Your instructions: Give back exactly the lines from the one that holds "1月18日 (日) ヒラメ" through the final line of the data; omit the pictures and add nothing.
START Material for this exercise
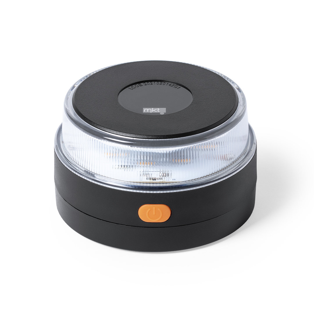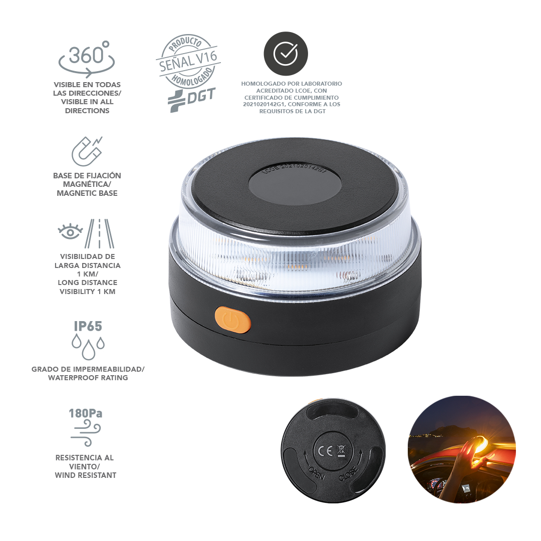 Luz de emergencia homologada V16 para vehículos. Fabricada conforme a la normativa de seguridad vigente y homologada por laboratorio acreditado LCOE, según requisitos de la DGT , con número de homologación marcado en la parte superior del artículo. De activación manual y con base de fijación magnética. Resistencia al viento de hasta 180Pa, visibilidad 360° -hasta 1 km de distancia- y resistencia al agua conforme a estándares IP65. De tamaño compacto para guardar en cualquier compartimento del vehículo y tenerla a mano en caso de emergencia. Presentada en caja individual de diseño. Manual incluido (español e inglés). Alimentación a pilas (3xAA pilas alcalinas incluidas). Banda lateral lisa para impresión. Certificado de Cumplimiento 2021020142G1 emitido por LCOE, conforme a los requisitos de la DGT.
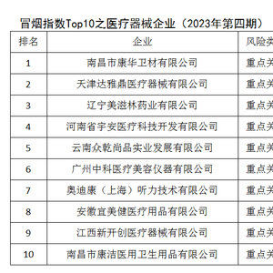 中国食品药品网讯 近日,中国健康传媒集团舆情监测中心发布冒烟指数Top10之医疗器械企业(2023年第四期),公开风险指数排名前十的企业。南昌市康华卫材有限公司、天津达雅鼎医疗器械有限公司、辽宁美滋林药业有限公司、河南省宇安医疗科技开发有限公司、云南众乾尚品实业发展有限公司、广州中科医疗美容仪器有限公司、奥迪康(上海)听力技术有限公司、安徽宜美健医疗用品有限公司、江西新开创医疗器械有限公司、南昌市康洁医用卫生用品有限公司位列前十名,均为“重点关注”企业。
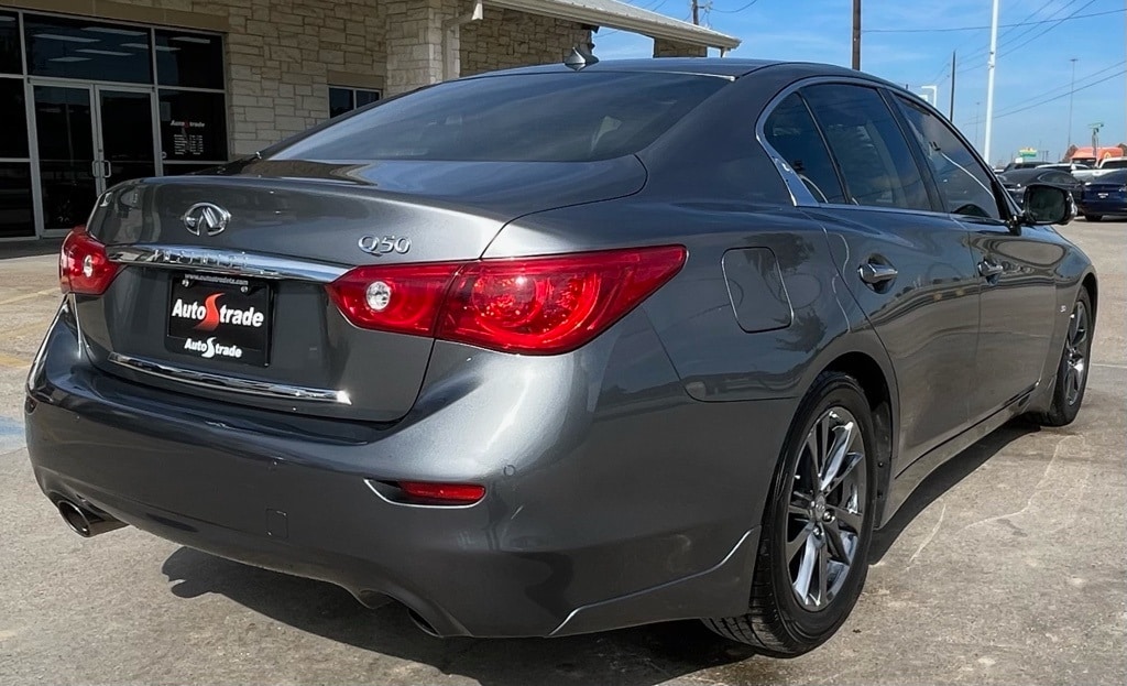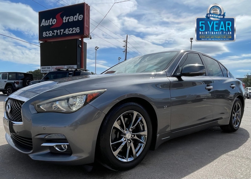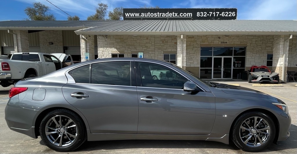 AUTOSTRADE is proud to present you with another True Market Priced Pre-Owned Vehicle. This 2015 INFINITI Q50 Premium is loaded with the following Factory Options:17" Tire & Wheel Accessory Package (17" Wheels), Deluxe Touring Package (60/40 Split-Folding Rear Seats, Around View Monitor w/Moving Object Detection, Auto-Dimming Outside Mirrors w/Reverse Tilt-Down, Direct Adaptive Steering, Dual Occupant Memory System For Driver's Seat, Maple Wood Trim, Power Tilt & Telescopic Steering Column, and Rain-Sensing Front Windshield Wipers), Leather Seating Package (Driver Seat 2-Way Power Lumbar and Leather-Appointed Seats), Navigation Package (INFINITI InTouch Navigation System), Spare Tire Package (Jack Kit), 14 Speakers, 17" Aluminum Alloy Wheels, 4-Wheel Disc Brakes, ABS brakes, Activation Disclaimer, Air Conditioning, Alloy wheels, AM/FM radio: SiriusXM, Anti-whiplash front head restraints, Auto-dimming Rear-View mirror, Automatic temperature control, BOSE Centerpoint Simulated Surround, Brake assist, Bumpers: body-color, CD player, Compass, Delay-off headlights, Driver door bin, Driver vanity mirror, Dual front impact airbags, Dual front side impact airbags, Electronic Stability Control, Floor Mats, Four wheel independent suspension, Front anti-roll bar, Front Bucket Seats, Front Center Armrest, Front dual zone A/C, Front fog lights, Front reading lights, Fully automatic headlights, Garage door transmitter: HomeLink, Heated door mirrors, Heated Front Seats, Heated front seats, Illuminated entry, Illuminated Kick Plates, INFINITI Studio on Wheels by Bose, Leather Shift Knob, Leather steering wheel, Literature Kit, Low tire pressure warning, Occupant sensing airbag, Outside temperature display, Overhead airbag, Overhead console, Panic alarm, Passenger door bin, Passenger vanity mirror, Power door mirrors, Power driver seat, Power moonroof, Power passenger seat, Power steering, Power windows, Premium Leatherette Seating Surfaces, Radio data system, Radio: AM/FM/CD w/MP3 Playback Capability, Rear anti-roll bar, Rear reading lights, Rear seat center armrest, Rear window defroster, Remote keyless entry, Security system, Speed control, Speed-sensing steering, Speed-Sensitive Wipers, Splash Guards, Steering wheel mounted audio controls, Tachometer, Telescoping steering wheel, Tilt steering wheel, Traction control, Trip computer, Turn signal indicator mirrors, and Variably intermittent wipers.
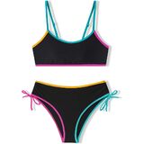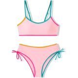 Design features: The girls' bikini swimsuit tops use adjustable straps to find the most suitable length position, the belt also uses a rope design, easily adjusted to the most suitable for their waist size, the overall use of rose powder color block design, can well set off the wearer's skin color, giving a warm and energetic feeling.Suitable for girls who like sweet style
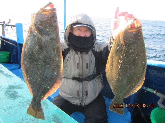 1月18日 (日) ヒラメ 0.5~3.2kg 0~6枚 他に スズキ マゴチ 濃い所を探して 漁場を広く見る 大ヒラメ 3.2kg 2.6kgを 初め釣る ポイント多くして釣る;
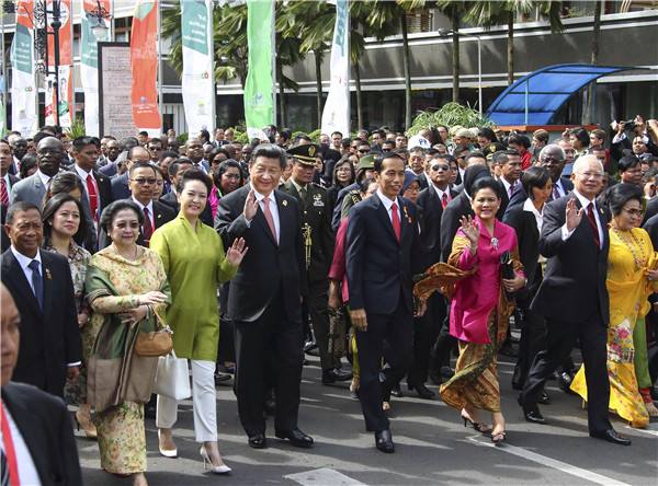 2015年4月21日,习近平主席再次来到印尼,应印度尼西亚共和国总统佐科邀请出席亚非领导人会议和万隆会议60周年纪念活动。
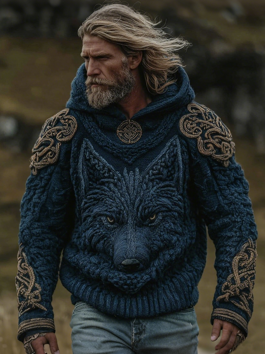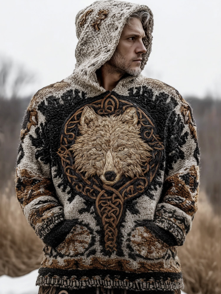 Vintage Wolf Inspired Viking Celtic Jacquard Hooded Sweater – sunmerr
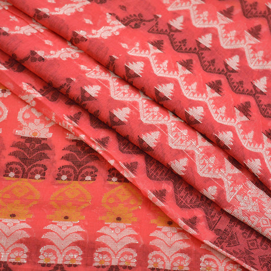 Indian Vintage Sarees Pink Pure Cotton Hand Woven Jamdani Sari 5yd Ethnic Floral Craft Fabric Dress making Upcycle Crafting Quilting Zari
END Material for this exercise
Exercise result:
 1月18日 (日) ヒラメ 0.5~3.2kg 0~6枚 他に スズキ マゴチ 濃い所を探して 漁場を広く見る 大ヒラメ 3.2kg 2.6kgを 初め釣る ポイント多くして釣る;
 2015年4月21日,习近平主席再次来到印尼,应印度尼西亚共和国总统佐科邀请出席亚非领导人会议和万隆会议60周年纪念活动。
 Vintage Wolf Inspired Viking Celtic Jacquard Hooded Sweater – sunmerr
 Indian Vintage Sarees Pink Pure Cotton Hand Woven Jamdani Sari 5yd Ethnic Floral Craft Fabric Dress making Upcycle Crafting Quilting Zari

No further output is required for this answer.